What can I do to help myself?

  • There are a number of lifestyle factors that can make living with chronic hepatitis C easier.
  • Drink lots of water and replace alcohol with water or fruit juices.
  • A balanced diet is crucial. Cut down on rich, fatty and sugary foods. Losing excess weight puts less strain on your liver. Professional guidance on achieving a healthy balanced diet is helpful.
  • If you have a poor appetite, try and eat smaller meals more often.
  • Regular moderate exercise can reduce stress or depression, increase energy levels and help boost your immune system.
  • It is strongly recommended that you do not drink alcohol. Alcohol and hepatitis C damage the liver, and in combination cause damage at a faster rate. Professional support is available to help you reduce and stop drinking.

Stop smoking if you have hepatitis C. Help is available to stop smoking.

There is very little evidence for the benefits of complementary medicines, but many patients find them helpful in dealing with the many different symptoms associated with this disease. It is important to get professional advice before starting these.

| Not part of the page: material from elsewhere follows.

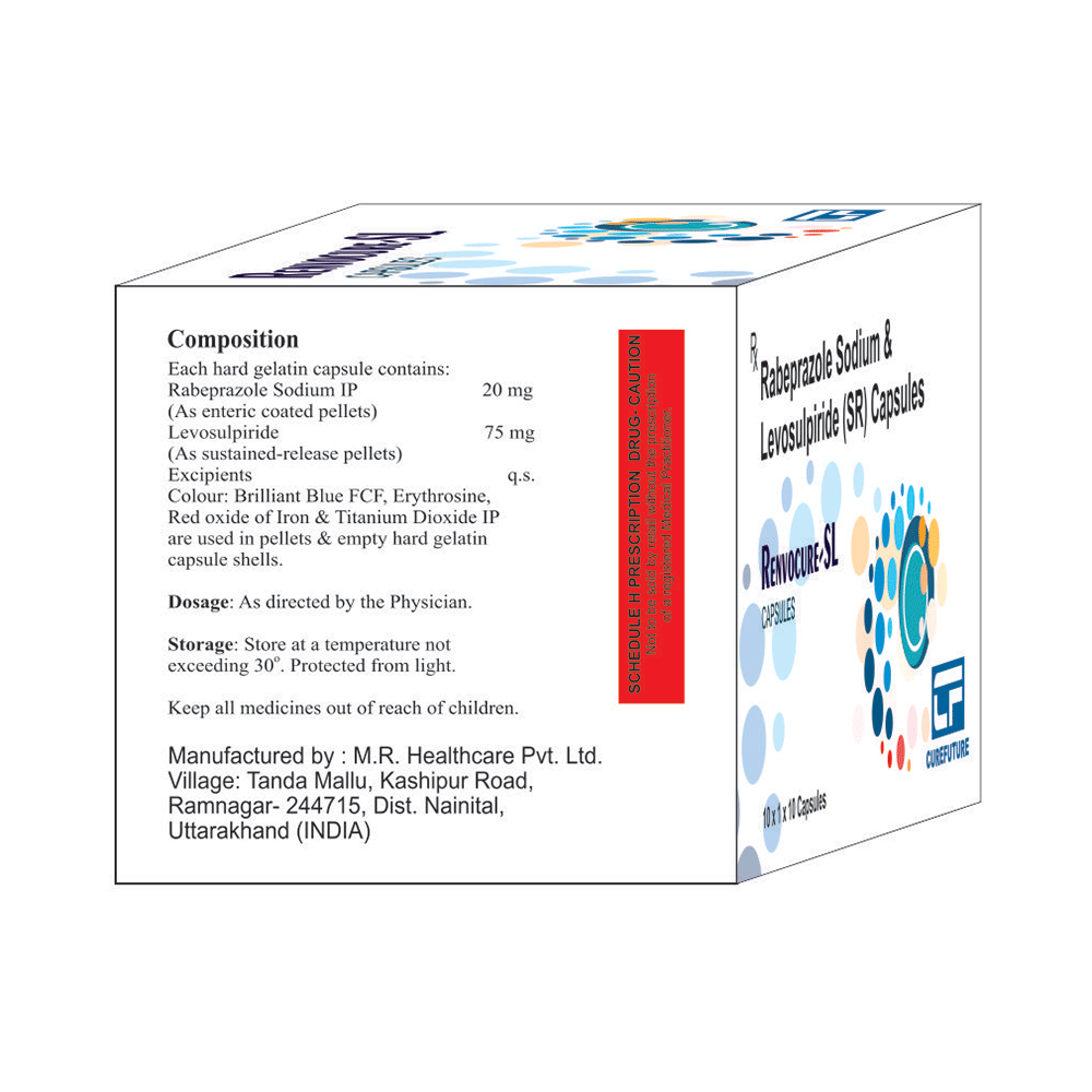 Renvocure-SL Capsule SR is a prescription medicine which is used in the treatment of gastroesophageal reflux disease (acid reflux), intestinal ulcers, and irritable bowel syndrome. It reduces excess acid production in the stomach and prevents the reflux of stomach acid into the food pipe. Renvocure-SL Capsule SR is taken with or without food in a dose and duration as advised by the doctor. The dose you are given will depend on your condition and how you respond to the medicine. You should keep taking this medicine for as long as your doctor recommends. If you stop treatment too early your symptoms may come back and your condition may worsen. Let your healthcare team know about all other medications you are taking as some may affect, or be affected by this medicine.The most common side effects are nausea, stomach pain, diarrhea, flatulence, constipation, headache, weakness, and flu-like symptoms. Most of these are temporary and usually resolve with time. Contact your doctor straight away if you are at all concerned about any of these side effects. It may also cause dizziness and sleepiness, so do not drive or do anything that requires mental focus until you know how this medicine affects you. Avoid drinking alcohol while taking this medicine as it can worsen your sleepiness.Lifestyle modifications like having fiber-rich diet, avoiding foods that trigger your symptoms, increasing fluid intake and regular exercise can help you to get better results. Before taking it, you should tell your doctor if you have any kidney or liver diseases. You should also tell your doctor if you are pregnant, planning pregnancy or breastfeeding.

There are various specialist support services for people with hepatitis C, such as counselling, peer support with other people with hepatitis C, and advocacy support to help with making decisions.

Hepatitis C can make people feel very isolated and emotional, and support for managing stress is important. Patients should have efficient and effective routes to treatment options, with access to:

  • multidisciplinary team services providing good communication with the patient;
  • good-quality information services;
  • patient involvement at all stages of care and treatment;
  • a smooth transition to palliative care if needed; and regular needs assessment.